So I just made a release of a personal tool I’ve been using
for a while, and cleaned up.
rsnappush
is a
backup utility I’ve been using for a long time, solving
the issue of wanting:
- incremental backups
- plain file access for the backup
- remote backup host has few utilities
I’ve used EVBackup as my backup provider for probably 10 years or so because I get easy rsync and shell access, which allows me to do tricks with rsync like hard-linked files.
The other solutions available failed in that they required a toolset on the remote host, didn’t support hardlinks, or didn’t support a push-based backup system (rsnapshot does pulls).
Why OSDN.net
So now that I have some time I created rsnappush
on
OSDN.net.
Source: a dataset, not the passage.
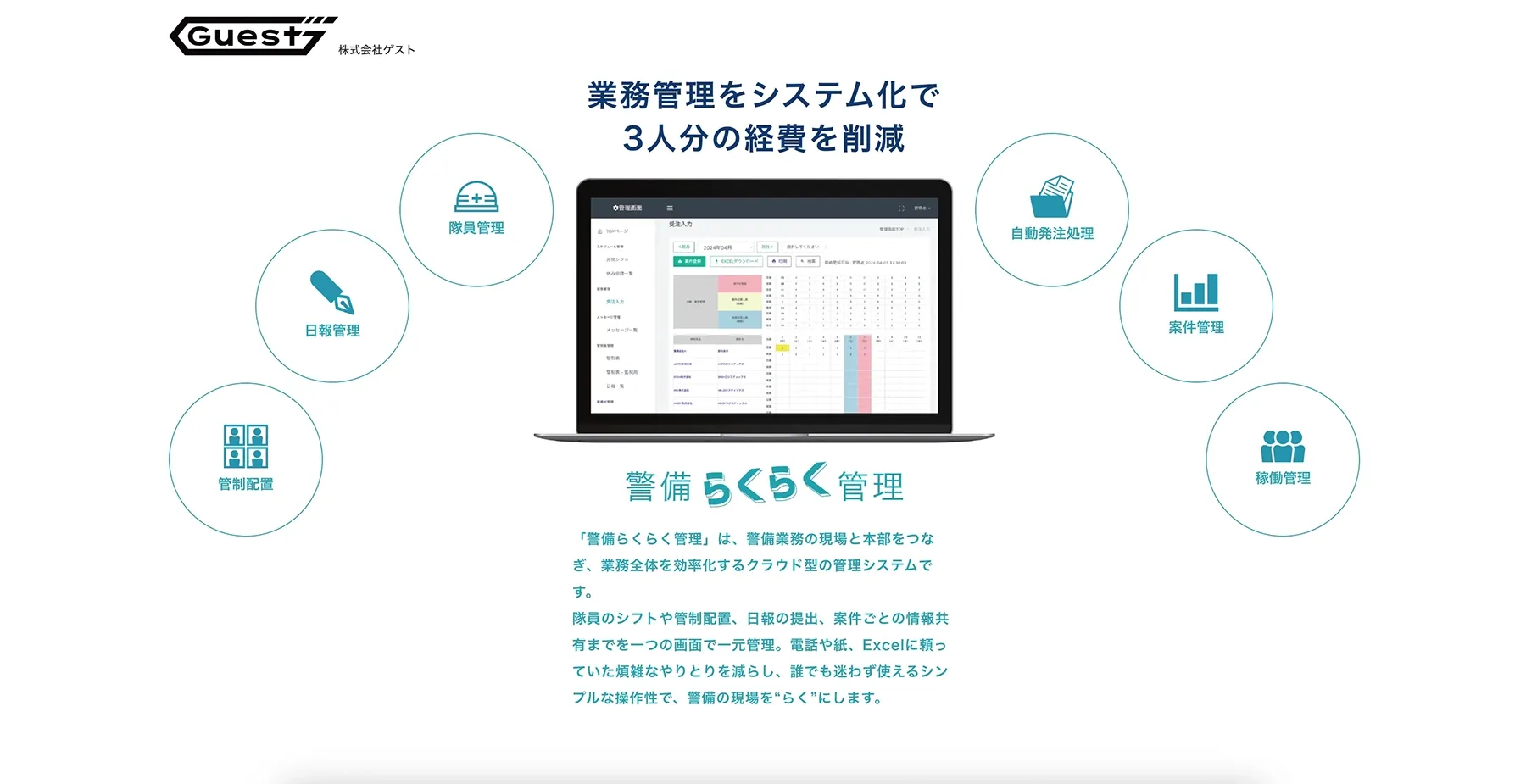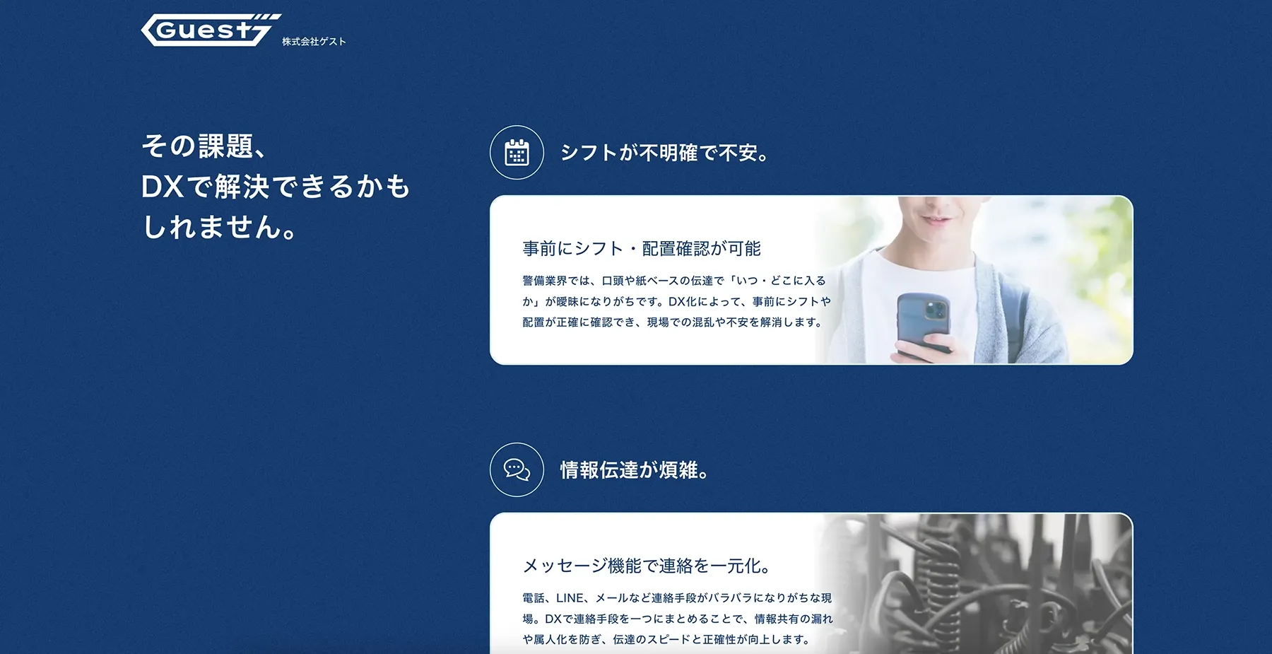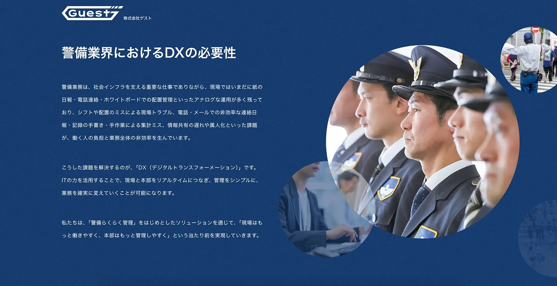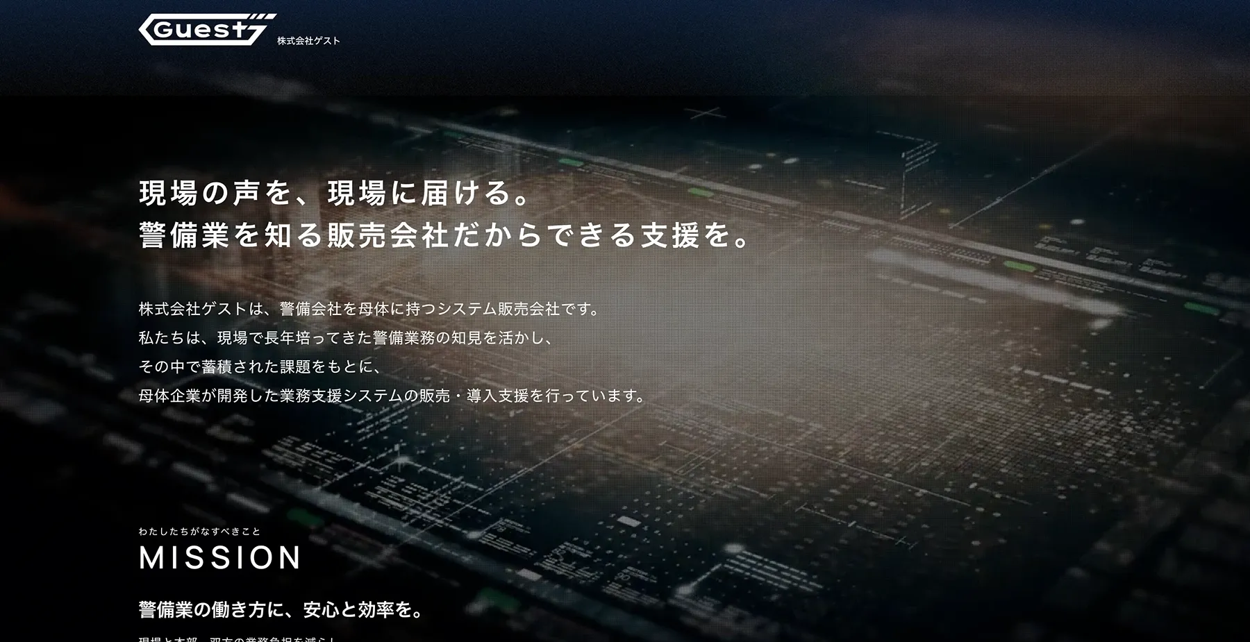 警備業務のデジタル化を推進する「株式会社ゲスト」様のコーポレートサイトを制作しました。

I chose OSDN.net because
they support Mercurial.
Why Mercurial
I know Mercurial isn’t very popular because Git and GitHub exist. However me and a couple of other experienced co-workers who came from multiple VCSs (CVS, Bazaar, etc) also found Git suprisingly fraught and a downgrade from other systems. We thought that after a few years of working with it we’d get used to it and grow to like it – instead, we became more convinced that Git has serious usability issues, especially for in a corporate environment with a centralized repository and a small team.
Why the Eclipse Public License
rsnappush
is a really tiny project, but I’ve found that the
Eclipse Public License is pretty nice. It’s a weak copyleft
license, and doesn’t have the “linking” stuff that the LGPL does.